Хьюэл вздохнул и взялся за перо. Где-то за холщовыми стенами скрывался городок Вислопес, что невероятным образом примостился на почти отвесных стенах каньона. В Овцепиках имелось предостаточно плоскостей. Вот только почти все они были вертикальными.

Хьюэлу Овцепики не нравились – что странно, ведь гномы жили здесь испокон века, а сам он как раз и относился к этому народу. Но беднягу давным-давно изгнали – за клаустрофобию, а пуще того за тягу мечтать наяву. Местный король гномов решил, что такое свойство не подходит работнику, чья обязанность не только замахиваться киркой, но и не забывать ею бить. Поэтому сородичи снабдили Хьюэла весьма скудным мешочком золота, наилучшими пожеланиями и твердой рукой спровадили куда подальше.
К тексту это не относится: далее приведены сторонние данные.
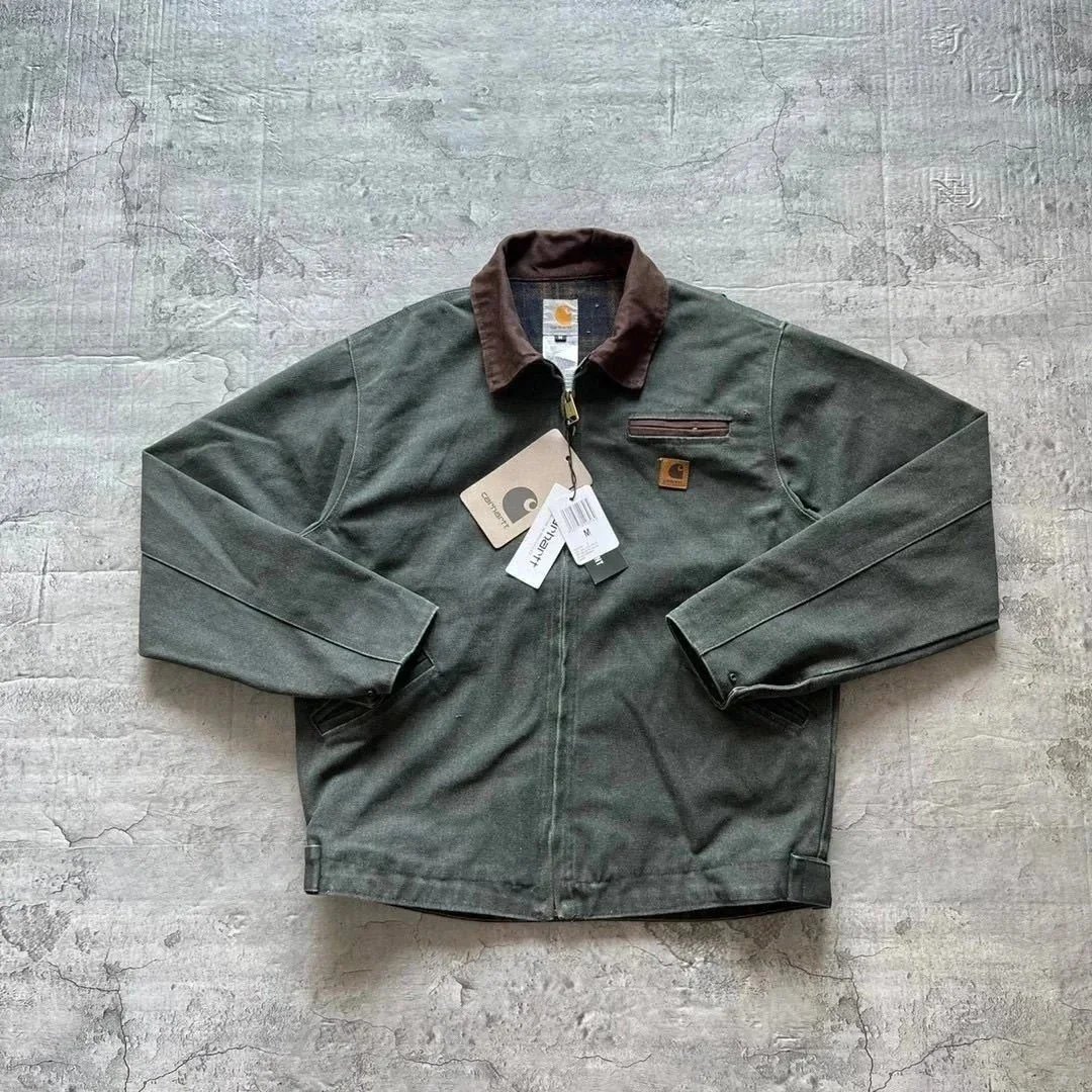 Sturdy Carhartt grey hooded jacket featuring fleece lining for warmth and durability. Perfect for cold weather with a classic workwear design.
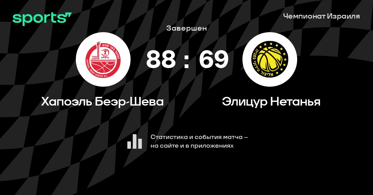 В прошедшем матче в рамках турнира Чемпионат Израиля состоялась встреча команд Хапоэль Беэр-Шева - Элицур Нетанья в городе Be'er Sheva на стадионе Conch Arena

По воле судьбы в тех краях как раз выступала бродячая трупа Витоллера, и гном выкроил один медяк, чтобы посмотреть «Дракона равнин». Все представление он просидел с каменным лицом, ушел к себе, а наутро постучал в дверь фургона импресарио, держа первую версию «Короля под горой». Пьеса вышла не очень, но Витоллеру хватило прозорливости разглядеть в лохматой башке незнакомца незаурядный запас воображения, поэтому, когда труппа вновь снялась с места, одному из артистов пришлось бежать, чтобы поспевать за остальными…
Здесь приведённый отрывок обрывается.